• **DATA BLOCK**:

<<<<

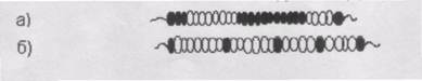 может представлять собой гомополимер или сополимер с боковыми группами любого типа. Молекула блок-сополимера содержит относительно длинные участки одного химического состава, разделёнными полимерными участками другого химического состава (а) или низкомолекулярными
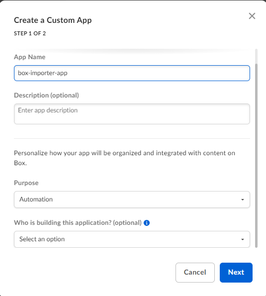 In order to create a Box Application that can be used with Migration-Center Box Importer, please follow the steps:
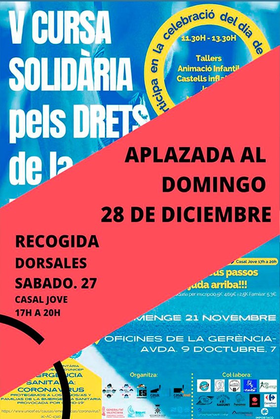 La V Carrera Solidària pels Drets de la Infància a favor d'UNICEF, que se celebrava este diumenge 21 de novembre, s'ajorna al pròxim diumenge 28 de novembre de 2021 a causa de la predicció meteorològica que preveu pluges per a tot el dia, amb un 85% de probabilitat. Esta activitat l'organitza la regidoria de Joventut i Infància de l'Ajuntament de Sagunt.
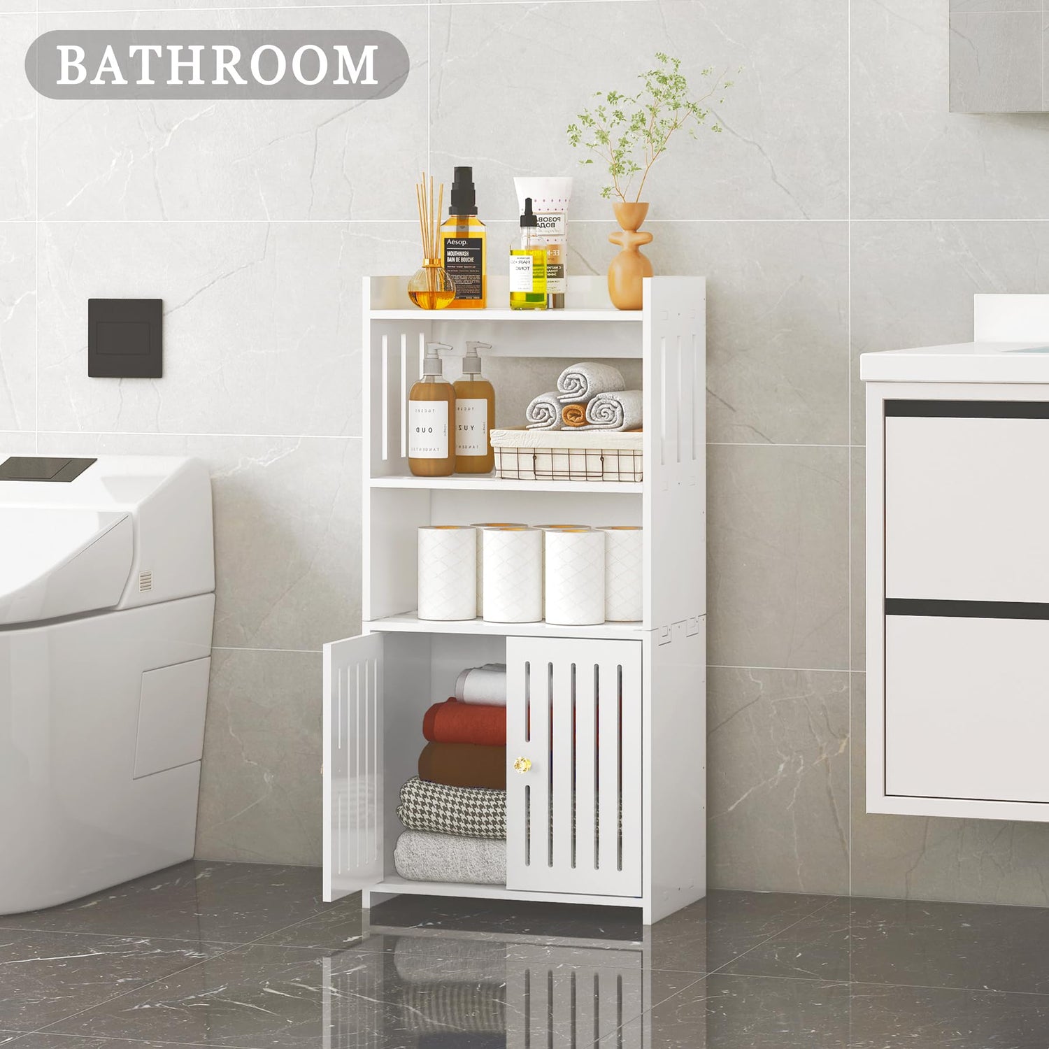HAYOFAMY Bathroom Storage Cabinet, 4-Tier White Floor Cabinet Freestanding Organizer with Door for Living Room Kitchen Small Space

>>>>

• **PROBLEM TO SOLVE**:
Quote the material exactly. Pictures stay out.

• **RESULT OF THIS EXERCISE**:
 может представлять собой гомополимер или сополимер с боковыми группами любого типа. Молекула блок-сополимера содержит относительно длинные участки одного химического состава, разделёнными полимерными участками другого химического состава (а) или низкомолекулярными
 In order to create a Box Application that can be used with Migration-Center Box Importer, please follow the steps:
 La V Carrera Solidària pels Drets de la Infància a favor d'UNICEF, que se celebrava este diumenge 21 de novembre, s'ajorna al pròxim diumenge 28 de novembre de 2021 a causa de la predicció meteorològica que preveu pluges per a tot el dia, amb un 85% de probabilitat. Esta activitat l'organitza la regidoria de Joventut i Infància de l'Ajuntament de Sagunt.
HAYOFAMY Bathroom Storage Cabinet, 4-Tier White Floor Cabinet Freestanding Organizer with Door for Living Room Kitchen Small Space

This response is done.